Rising and falling with the tides of every faculty whim, the tutorial system of the Department of Economics faces the prospect of a watery grave. Last spring, a two year suspension of all tutorial was voted by the Department, except for Seniors writing honors theses. At the end of the two years, the possibilities and value of the continuance of the tutorial system are destined to be reassessed. The uncertainty of the suspension period, however, poses a gloomy outlook for a tutorial system which is gasping its last breath in many departments of the University.
Confronted with nearly 750 undergraduate concentrators, 289 graduate students, and an enrollment of almost 1200 in Economics A, the Department of Economics is tottering under the weight of an unprecedented post-war popularity. To meet this avalanche, the Department has twenty professors and assistant professors, six annual instructors, and twenty-four full and part time teaching fellows. The Economics faculty has been enlarged to the limits of availability, but besides increased teaching burdens, staff time formerly devoted to tutorial has been sapped away by other interests, such as General Education and Area Studies.

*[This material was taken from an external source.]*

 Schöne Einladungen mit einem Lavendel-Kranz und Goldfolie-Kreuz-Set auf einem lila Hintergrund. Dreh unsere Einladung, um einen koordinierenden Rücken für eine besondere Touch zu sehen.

The financial conundrum is not lacking either: the pressure of steadily increasing costs throughout the University threatens a limit to the size of a staff which the department could support.
If the verdict of the suspension survey finds the sacrifice of departmental resources to the tutorial system of insufficient worth, the axe will fall, officially and unfortunately. For under the prevalent mass education procedures in the College, the value of some personalized instruction is indisputable. One crop of the untutored specimens of the suspension period will be graduated next June. It is reasonable to suspect that the finished products will be Fords rather than Buicks. Fortunately, however, even during the temporary abeyance of the tutorial system, the Department of Economics has compensated with a generous offering of courses. Some other departments not only have curtailed tutorial, but still present inadequate course coverages of their fields.

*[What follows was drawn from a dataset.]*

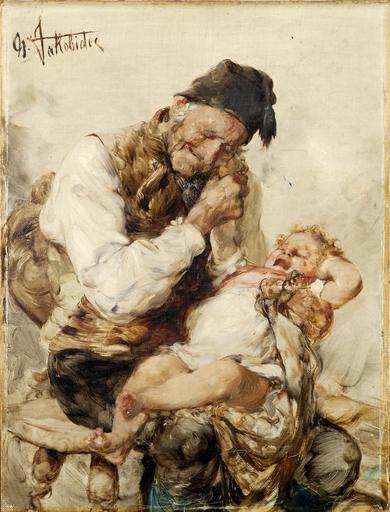 Keywords: Γεώργιος Ιακωβίδης - Ο Κακός Εγγονός (μετά το 1884).jpg Artwork creator Georgios Jakobides 1884 oil canvas cm 38 5 30 accession number object history Private Collection Athens exhibition history credit line G Jakobides upper left signature http //www bonhams com/auctions/21766/lot/11/ html Bonhams London 9 April 2014 lot 11 PD-old-auto-1923 1932 DEFAULTSORT Georgios Jakobides; Naughty grandson; Bonhams 2014 Georgios Jakobides Grandparents Grandfathers in art Paintings of babies Crying in art Images from Bonhams |

Such a complete abandonment of the tutorial system, though possibly a temporary one, is nevertheless not justifiable, regardless of the difficulties which the Department faces. The situation in Economics serves to underscore the fundamental problem of educational preference which underlies the fate of the tutorial system in most departments of the University. During the post-war enrollment peak, the necessity of a reduced tutorial system is understandable, but the greatest danger lies in the not too distant future when the University begins to contract. For at that time, unless an ever-growing student demand for the tutorial system persists, the already well-defined faculty apathy to the system will succeed in directing the permanent flow of departmental resources to other fields.